- Born: David John Taylor 1960 (age 65–66) United Kingdom
- Education: St John's College, Oxford
- Occupations: Critic; novelist; biographer;
- Writing career
- Language: English
- Genres: Literary criticism, fiction, biography

= D. J. Taylor (writer) =

British critic, novelist and biographer (born 1960)

David John Taylor (born 1960) is a British critic, novelist and biographer, who was born and raised in Norwich. He read modern history at St John's College, Oxford.

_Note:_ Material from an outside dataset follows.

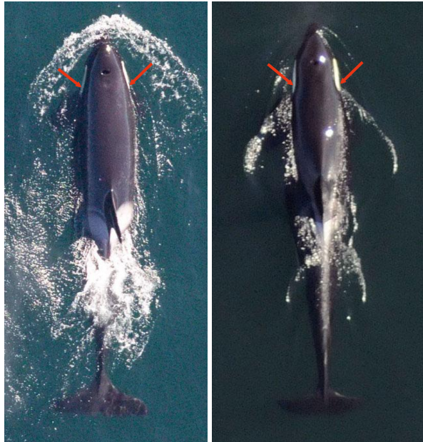
Fig. 1. K13, a robust 41.5 yr old female Orcinus orca (left) and L67, an emaciated 23.5 yr old female that subsequently died (right). Arrows show where head width (HW) measurement was taken at 15% of the distance between the blow-hole and anterior insertion of the dorsal fin (BHDF). Note that the white eye patches of K13 angle outward towards the posterior, while the eye patches of L67 angle inward and follow the shape of the skull

He has contributed to The Daily Telegraph, The Guardian, The Independent, New Statesman, The Spectator, Private Eye and Literary Review, among other publications. He lives in Norwich with his wife, the fiction writer Rachel Hore, and their three children. He was previously a member of the Norwich Writers' Circle.

Taylor received the Whitbread Award for his 2003 biography of George Orwell. His novel Derby Day was longlisted for the 2011 Man Booker Prize. Theodore Dalrymple, reviewing Taylor's Who Is Big Brother?: A Reader's Guide to George Orwell, concluded that "It deals most sensitively with Orwell's multiple ambiguities without trying to fit them into a Procrustean bed. It informs, enlightens, and entertains. It restores one's faith in the value of criticism."

==Works==

- Great Eastern Land: From the Notebooks of David Castell (1986), novel
- A Vain Conceit: British Fiction in the 1980s (1989)
- Other People: Portraits from the 90's (1990), with Marcus Berkmann
- Real Life (1992), novel
- After the War: The Novel and England Since 1945 (1993)
- English Settlement (1996), novel
- After Bathing at Baxter's (1997), short stories
- Trespass (1998), novel
- Thackeray (1999), biography
- The Comedy Man (2002), novel
- Pretext 6: Punk of Me (2002), guest editor
- Orwell: The Life (2003), biography
- Kept (2006), novel
- On the Corinthian Spirit: The Decline of Amateurism in Sport (2006)
- Bright Young People: The Rise and Fall of a Generation, 1918–1940 (2007)
- Ask Alice (2009), novel
- At the Chime of a City Clock (2010), novel
- Derby Day (2011), novel
- Secondhand Daylight (2012), novel
- The Windsor Faction (2013), novel
- Wrote for Luck (2015), stories. Galley Beggar Press
- The New Book of Snobs (2016)
- The Prose Factory: Literary Life in England Since 1918 (2016)
- Rock and Roll Is Life (2018), novel
- Lost Girls: Love, War, and Literature, 1939–1951 (2019), collective biography
- Orwell: The New Life (2023), biography
- Who Is Big Brother?: A Reader's Guide to George Orwell (2024)
- Poppyland (2025), short stories

==Prizes and honours==

- 1997: Elected Fellow of the Royal Society of Literature
- 1998: Longlisted for Booker Prize for his novel Trespass
- 1999: Winner of a Grinzane Cavour Prize for L'accordo Inglese, the Italian translation of his novel English Settlement
- 2003: Winner of the Whitbread Prize for biography for Orwell: The Life
- 2011: Longlisted for the 2011 Man Booker Prize, for his novel Derby Day.
- 2014: The Windsor Faction winner of the Sidewise Award (tied with Bryce Zabel's Surrounded by Enemies: What If Kennedy Survived Dallas?).